(Dataset items)
---------------

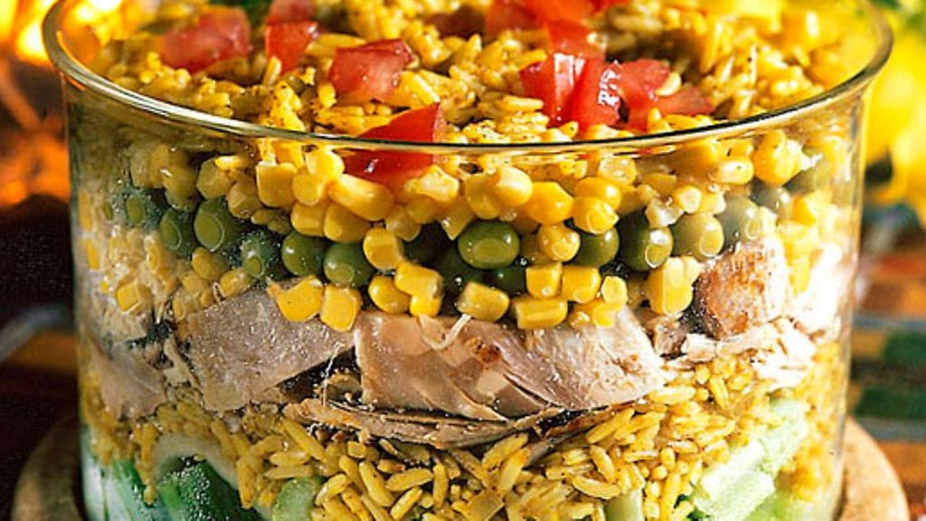 3. Kerrostele selleri, riisi, lämmitetyt broilerinpalat, herneet, maissit ja paprikakuutiot korkeaan vuokaan. Tarjoile mielellään lisäksi lämmintä vaaleaa leipää.
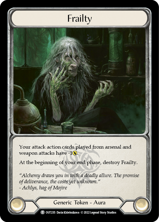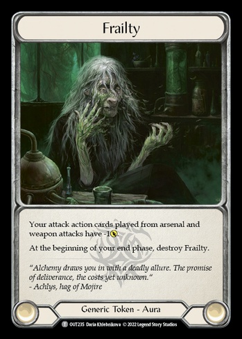 Your attack action cards played from arsenal and weapon attacks have -1 .At the beginning of your end phase, destroy Frailty.
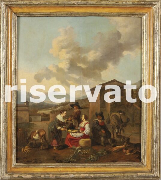 Paesaggio animato con figure, olio. Scuola italiana secolo XVII in splendida cornice coeva
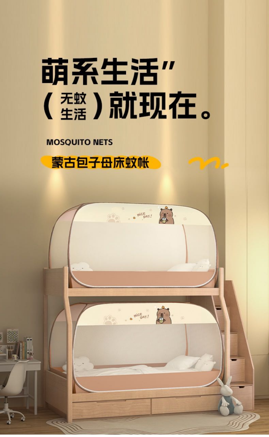 【 3秒速装 打开即用】卡通款蒙古包子母床蚊帐
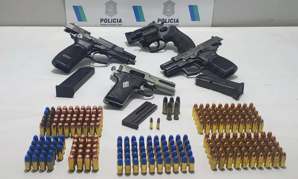 En la vivienda de la jubilada encontraron una Pistola marca Bersa calibre 40, otroa  Bersa calibre 9mm, una pistola marca GMV calibre 22, un Revolver marca Pucara calibre 38 SPL y 223 municiones de diversos calibres. Todas estaban cargadas y listas para su uso.
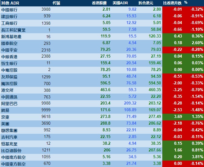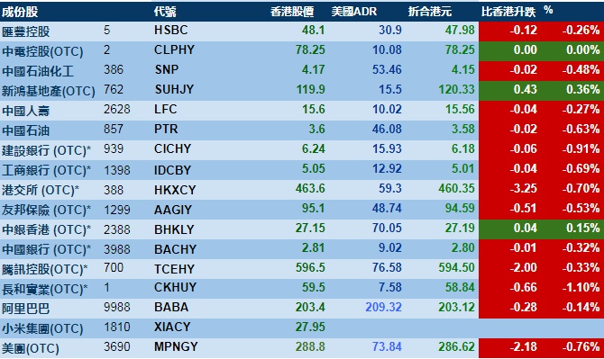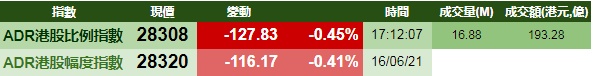智通财经APP获悉,周三美股三大指数齐跌,港股ADR指数也跌,按比例计算,收报28308点,跌127.83点或0.45%。

---------------

Problem description: The answer must be an exact copy of the records above, with the pictures left out.

Solution for this task:
 3. Kerrostele selleri, riisi, lämmitetyt broilerinpalat, herneet, maissit ja paprikakuutiot korkeaan vuokaan. Tarjoile mielellään lisäksi lämmintä vaaleaa leipää.
 Your attack action cards played from arsenal and weapon attacks have -1 .At the beginning of your end phase, destroy Frailty.
 Paesaggio animato con figure, olio. Scuola italiana secolo XVII in splendida cornice coeva
 【 3秒速装 打开即用】卡通款蒙古包子母床蚊帐
 En la vivienda de la jubilada encontraron una Pistola marca Bersa calibre 40, otroa  Bersa calibre 9mm, una pistola marca GMV calibre 22, un Revolver marca Pucara calibre 38 SPL y 223 municiones de diversos calibres. Todas estaban cargadas y listas para su uso.
智通财经APP获悉,周三美股三大指数齐跌,港股ADR指数也跌,按比例计算,收报28308点,跌127.83点或0.45%。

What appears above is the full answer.